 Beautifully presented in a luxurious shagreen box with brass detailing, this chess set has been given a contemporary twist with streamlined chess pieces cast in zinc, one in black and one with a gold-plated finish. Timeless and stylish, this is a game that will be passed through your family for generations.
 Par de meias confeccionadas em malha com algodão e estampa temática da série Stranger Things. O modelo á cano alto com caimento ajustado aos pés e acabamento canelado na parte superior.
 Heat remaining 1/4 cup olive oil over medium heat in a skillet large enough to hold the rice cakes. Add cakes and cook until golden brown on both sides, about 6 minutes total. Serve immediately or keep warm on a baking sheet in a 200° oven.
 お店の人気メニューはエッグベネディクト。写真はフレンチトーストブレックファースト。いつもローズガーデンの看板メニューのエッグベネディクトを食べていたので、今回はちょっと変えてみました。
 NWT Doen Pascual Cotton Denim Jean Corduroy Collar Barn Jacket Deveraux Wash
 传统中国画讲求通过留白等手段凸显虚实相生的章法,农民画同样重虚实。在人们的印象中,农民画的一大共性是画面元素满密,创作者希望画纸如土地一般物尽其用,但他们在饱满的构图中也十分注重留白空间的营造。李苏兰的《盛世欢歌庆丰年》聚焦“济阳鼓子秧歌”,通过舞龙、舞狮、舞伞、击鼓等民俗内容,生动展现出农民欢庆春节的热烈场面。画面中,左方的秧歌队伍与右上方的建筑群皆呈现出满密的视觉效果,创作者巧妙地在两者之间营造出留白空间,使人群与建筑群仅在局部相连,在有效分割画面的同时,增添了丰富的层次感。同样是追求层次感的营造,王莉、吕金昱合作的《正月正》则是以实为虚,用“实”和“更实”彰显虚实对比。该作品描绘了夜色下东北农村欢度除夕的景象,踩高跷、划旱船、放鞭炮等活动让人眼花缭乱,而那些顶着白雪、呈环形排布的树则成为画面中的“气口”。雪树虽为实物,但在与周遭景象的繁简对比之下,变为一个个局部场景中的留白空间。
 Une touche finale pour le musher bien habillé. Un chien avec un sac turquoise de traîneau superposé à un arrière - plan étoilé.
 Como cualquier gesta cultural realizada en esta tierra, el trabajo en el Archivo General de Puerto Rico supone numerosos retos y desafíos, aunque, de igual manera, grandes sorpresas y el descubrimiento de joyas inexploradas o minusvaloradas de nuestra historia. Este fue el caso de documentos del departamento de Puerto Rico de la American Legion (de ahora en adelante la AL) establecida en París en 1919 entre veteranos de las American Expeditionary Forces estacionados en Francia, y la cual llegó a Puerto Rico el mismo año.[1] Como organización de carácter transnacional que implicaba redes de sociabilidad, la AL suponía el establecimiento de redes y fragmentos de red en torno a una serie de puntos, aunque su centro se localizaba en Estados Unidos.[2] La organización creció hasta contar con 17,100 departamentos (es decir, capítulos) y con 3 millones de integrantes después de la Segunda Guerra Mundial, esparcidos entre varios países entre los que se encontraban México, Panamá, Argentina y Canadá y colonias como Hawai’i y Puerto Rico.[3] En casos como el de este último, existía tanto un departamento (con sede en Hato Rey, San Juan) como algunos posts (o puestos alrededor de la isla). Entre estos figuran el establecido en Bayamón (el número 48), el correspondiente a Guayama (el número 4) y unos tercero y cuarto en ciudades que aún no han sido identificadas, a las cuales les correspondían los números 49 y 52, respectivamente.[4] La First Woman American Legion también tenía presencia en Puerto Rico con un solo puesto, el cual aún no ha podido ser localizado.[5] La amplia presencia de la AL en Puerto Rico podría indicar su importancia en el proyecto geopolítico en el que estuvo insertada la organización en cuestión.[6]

§

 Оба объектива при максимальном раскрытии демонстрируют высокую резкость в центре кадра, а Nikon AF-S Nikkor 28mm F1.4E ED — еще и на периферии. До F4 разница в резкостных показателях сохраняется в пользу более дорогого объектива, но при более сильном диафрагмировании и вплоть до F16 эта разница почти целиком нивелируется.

§

**Exercise instructions**
Print exactly the lines above, between the one holding "传统中国画讲求通过留白等手段" and the one holding "Une touche finale", inclusive, and nothing besides.

**Exercise result**
 传统中国画讲求通过留白等手段凸显虚实相生的章法,农民画同样重虚实。在人们的印象中,农民画的一大共性是画面元素满密,创作者希望画纸如土地一般物尽其用,但他们在饱满的构图中也十分注重留白空间的营造。李苏兰的《盛世欢歌庆丰年》聚焦“济阳鼓子秧歌”,通过舞龙、舞狮、舞伞、击鼓等民俗内容,生动展现出农民欢庆春节的热烈场面。画面中,左方的秧歌队伍与右上方的建筑群皆呈现出满密的视觉效果,创作者巧妙地在两者之间营造出留白空间,使人群与建筑群仅在局部相连,在有效分割画面的同时,增添了丰富的层次感。同样是追求层次感的营造,王莉、吕金昱合作的《正月正》则是以实为虚,用“实”和“更实”彰显虚实对比。该作品描绘了夜色下东北农村欢度除夕的景象,踩高跷、划旱船、放鞭炮等活动让人眼花缭乱,而那些顶着白雪、呈环形排布的树则成为画面中的“气口”。雪树虽为实物,但在与周遭景象的繁简对比之下,变为一个个局部场景中的留白空间。
 Une touche finale pour le musher bien habillé. Un chien avec un sac turquoise de traîneau superposé à un arrière - plan étoilé.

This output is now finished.